Find the mean proportion of :

(i) 5 and 80

(ii) $\dfrac{1}{12}$ and $\dfrac{1}{75}$

(iii) 8.1 and 2.5

(iv) (a - b) and (a³ - a²b), a > b.

(i) Let the mean proportion be x.

$\therefore \dfrac{5}{x} = \dfrac{x}{80} \\[0.5em] \Rightarrow x^2 = 5 \times 80 \\[0.5em] \Rightarrow x^2 = 400 \\[0.5em] \Rightarrow x = \sqrt{400} \\[0.5em] \Rightarrow x = 20.$

Hence, the mean proportion is 20.

(ii) Let the mean proportion be x.

$\therefore \dfrac{\dfrac{1}{12}}{x} = \dfrac{x}{\dfrac{1}{75}} \\[0.5em] \Rightarrow x^2 = \dfrac{1}{12} \times \dfrac{1}{75} \\[0.5em] \Rightarrow x^2 = \dfrac{1}{900} \\[0.5em] \Rightarrow x = \sqrt{\dfrac{1}{900}} \\[0.5em] \Rightarrow x = \dfrac{1}{30}$

Hence, the mean proportion is $\dfrac{1}{30}$.

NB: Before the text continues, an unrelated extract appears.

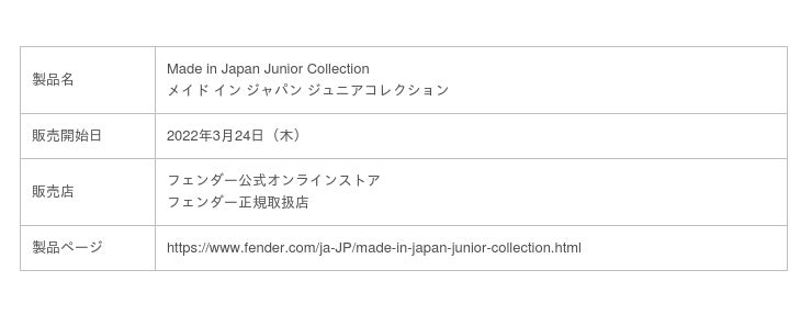 フェンダーミュージック株式会社(所在地:東京都渋谷区、代表取締役社長 アジアパシフィック統括 エドワード・コール)は、これからギター/ベースを始めるエントリープレイヤーや手が小さく小柄なプレイヤーに向けて開発した新製品『Made in Japan Junior Collection(メイド イン ジャパン ジュニアコレクション)』を2022年3月24日(木)よりフェンダー公式オンラインストア及び全国のフェンダー正規取扱店にて販売を開始しました。本製品は、国内限定販売となります。

(iii) Let the mean proportion be x.

$\therefore \dfrac{8.1}{x} = \dfrac{x}{2.5} \\[0.5em] \Rightarrow x^2 = 8.1 \times 2.5 \\[0.5em] \Rightarrow x^2 = 20.25 \\[0.5em] \Rightarrow x = \sqrt{20.25} \\[0.5em] \Rightarrow x = 4.5.$

Hence, the mean proportion is 4.5.

(iv) Let the mean proportion be x.

$\therefore \dfrac{(a - b)}{x} = \dfrac{x}{(a^3 - a^2b)} \\[0.5em] \Rightarrow x^2 = (a - b) \times (a^3 - a^2b) \\[0.5em] \Rightarrow x^2 = (a^4 - a^3b - a^3b + a^2b^2) \\[0.5em] \Rightarrow x^2 = (a^4 - 2a^3b + a^2b^2) \\[0.5em] \Rightarrow x^2 = a^2(a^2 - 2ab + b^2) \\[0.5em] \Rightarrow x^2 = a^2(a - b)^2 \\[0.5em] \Rightarrow x = \sqrt{(a^2(a - b)^2)} \\[0.5em] \Rightarrow x = a(a - b).$

Hence, the mean proportion is a(a - b).